Scraping content of a tag by title with Scrapy
I am scraping listings on a real estate website. The property details are located within a table and all have the same class name
However, on occasions, the values are not ordered in the same way or are missing and so when I run my spider I get values in wrong columns
type = response.css('div.carac-value span::text').extract()[1]
year= response.css('div.carac-value span::text').extract()[2]
area = response.css('div.carac-value span::text').extract()[3]

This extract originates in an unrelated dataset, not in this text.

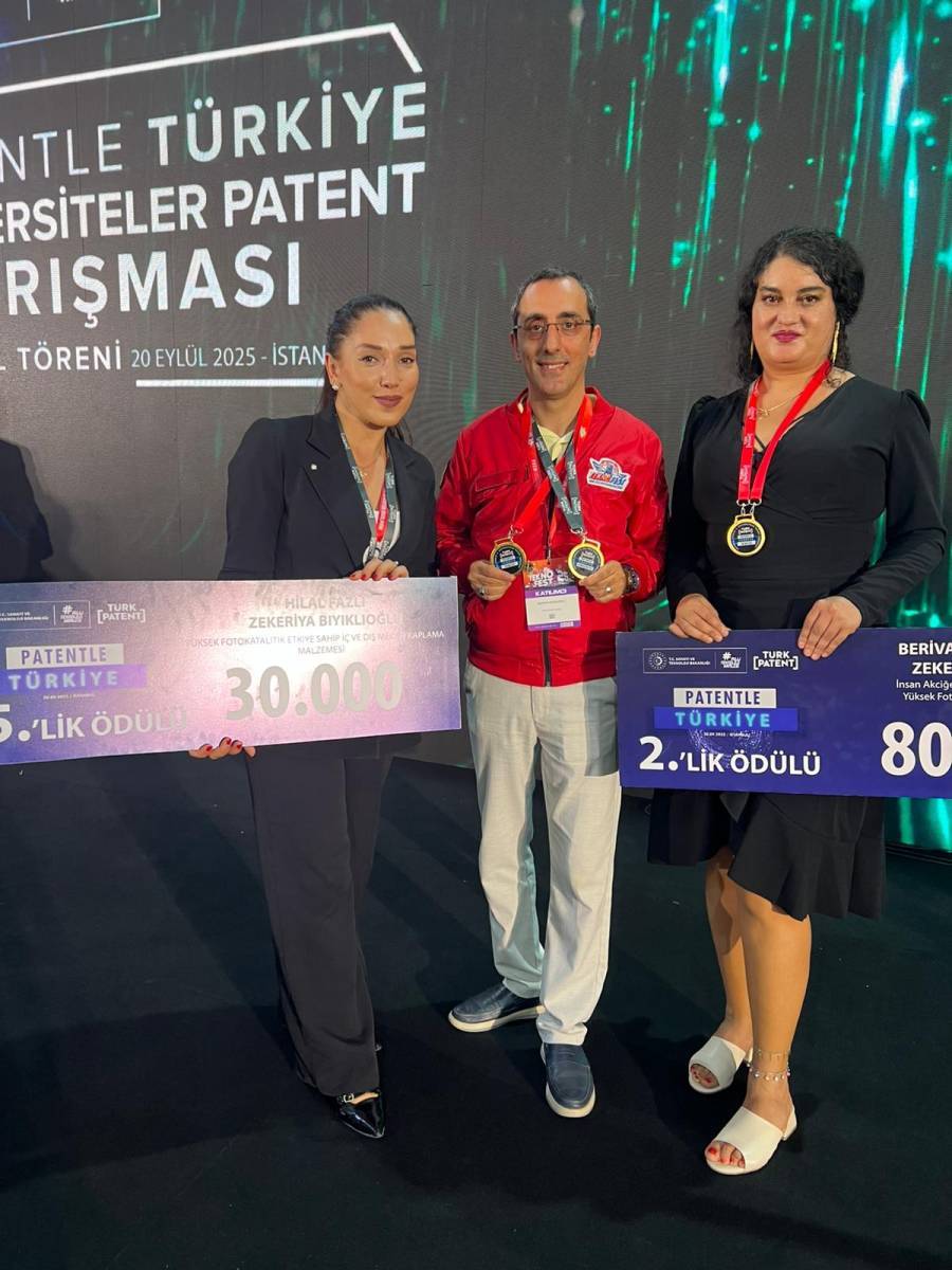 Sanayi ve Teknoloji Bakanlığı himayelerinde Türk Patent ve Marka Kurumu tarafından düzenlenen **“Patentle Türkiye Yarışması”**nda enstitümüz Kimya ABD doktora öğrencilerinden Berivan Arın ÖZTÜRMEN geliştirdiği patentle 2'ncilik Ödülünü kazanmıştır. Enstitümüz Kimya ABD Doktora öğrencilerinden Hilal Fazlı ise 15’incilik Ödülünü kazanmıştır. Hilal Fazlı ayrıca Uluslararası Patent Fuarı'ndan (ISIF'25) "“Yüksek Fotokatalitik Etkiye Sahip İç ve Dış Mekân Kaplama Malzemesi”" başlıklı projesi ile Bronz Madalya kazanmıştır.

(i.e in the column of property area I would get its construction year) How can I only extract content of a class with a specific title like "Superficie nette" ?
- I used
default=''
since not all of the pages have those properties (year, type, area) - I'm using xpath to find a specific div that has a word in it, and then we get the text of the next sibling.
- I changed
type
totype1
.
scrapy shell
In [1]: url = 'https://www.centris.ca/fr/condo~a-vendre~montreal-rosemont-la-petite-patrie/19783085?view=Summary&uc=3'
In [2]: headers = {'User-Agent':'Mozilla/5.0 (Windows NT 10.0; Win64; x64) AppleWebKit/537.36 (KHTML, like Gecko) Chrom
...: e/74.0.3729.169 Safari/537.36'}
In [3]: req = scrapy.Request(url=url, headers=headers)
In [4]: fetch(req)
[scrapy.core.engine] INFO: Spider opened
[scrapy.core.engine] DEBUG: Crawled (200) <GET https://www.centris.ca/fr/condo~a-vendre~montreal-rosemont-la-petite-patrie/19783085?view=Summary&uc=3> (referer: None)
In [5]: type1 = response.xpath('//div[@class="carac-title"][contains(text(), "Type")]/following-sibling::div[@class="ca
...: rac-value"]//text()').get(default='')

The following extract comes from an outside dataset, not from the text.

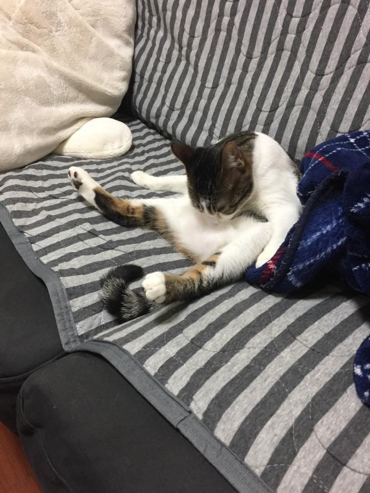 ペットホテルから帰って以来ベタベタ甘えん坊モード全開で、撫でていないと寝ないミィちゃん…
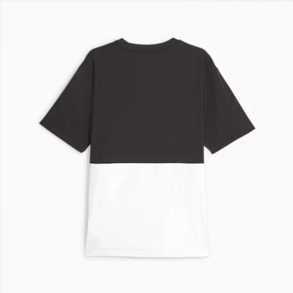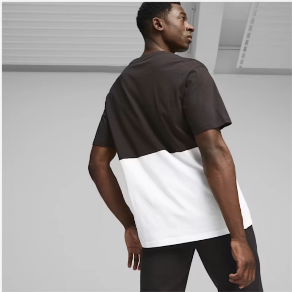 Confecționat din 100% bumbac, acest tricou are un grafic PUMA Wordmark de dimensiuni mari și un design colorblock pe partea dreaptă.

In [6]: year = response.xpath('//div[@class="carac-title"][contains(text(), "Année")]/following-sibling::div[@class="ca
...: rac-value"]//text()').get(default='')

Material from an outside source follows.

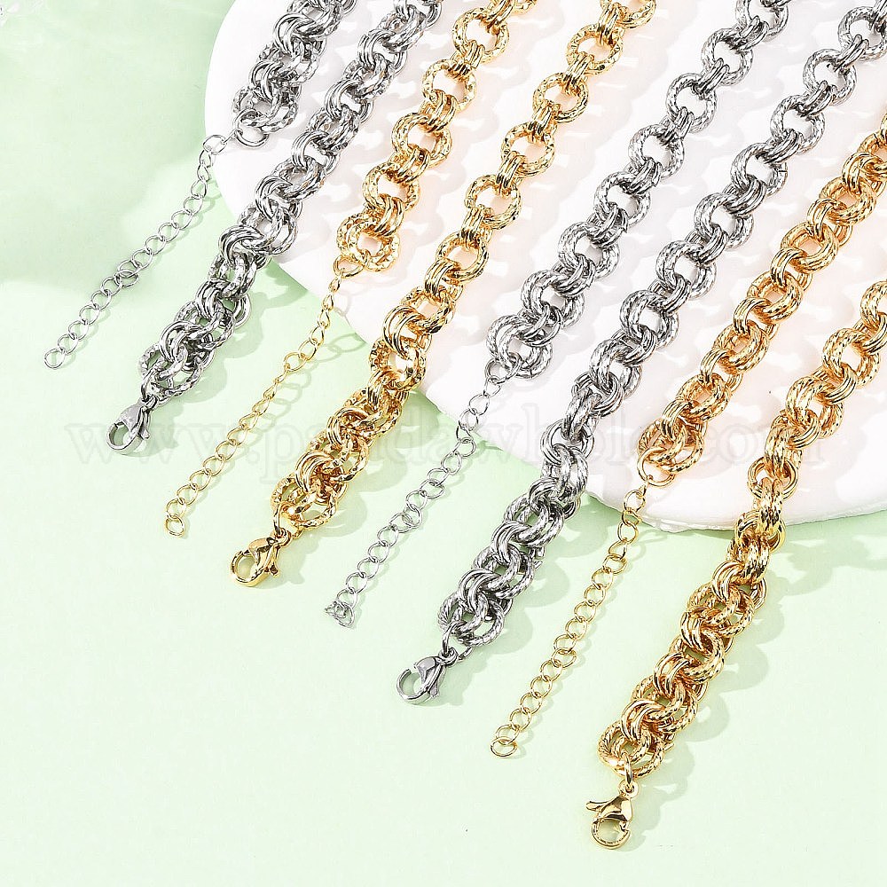 • Нержавеющая Сталь Цвет 8мм 304 Текстурированные двойные цепочки-роло из нержавеющей стали для женщин, не тускнеет, цвет нержавеющей стали, 14.57 дюйм (37 см)

In [7]: area = response.xpath('//div[@class="carac-title"][contains(text(), "Superficie")]/following-sibling::div[@clas
...: s="carac-value"]//text()').get(default='')
In [8]: type1
Out[8]: 'Divise'
In [9]: year
Out[9]: '2015'
In [10]: area
Out[10]: ''
# example with a page that has an area value
In [11]: url = 'https://www.centris.ca/fr/maison~a-vendre~laval-sainte-rose/19672961?view=Summary&uc=2'
In [12]: req = scrapy.Request(url=url, headers=headers)
In [13]: fetch(req)
[scrapy.core.engine] DEBUG: Crawled (200) <GET https://www.centris.ca/fr/maison~a-vendre~laval-sainte-rose/19672961?view=Summary&uc=2> (referer: None)
In [14]: area = response.xpath('//div[@class="carac-title"][contains(text(), "Superficie")]/following-sibling::div[@cla
...: ss="carac-value"]//text()').get(default='')
In [15]: area
Out[15]: '7 500 pc'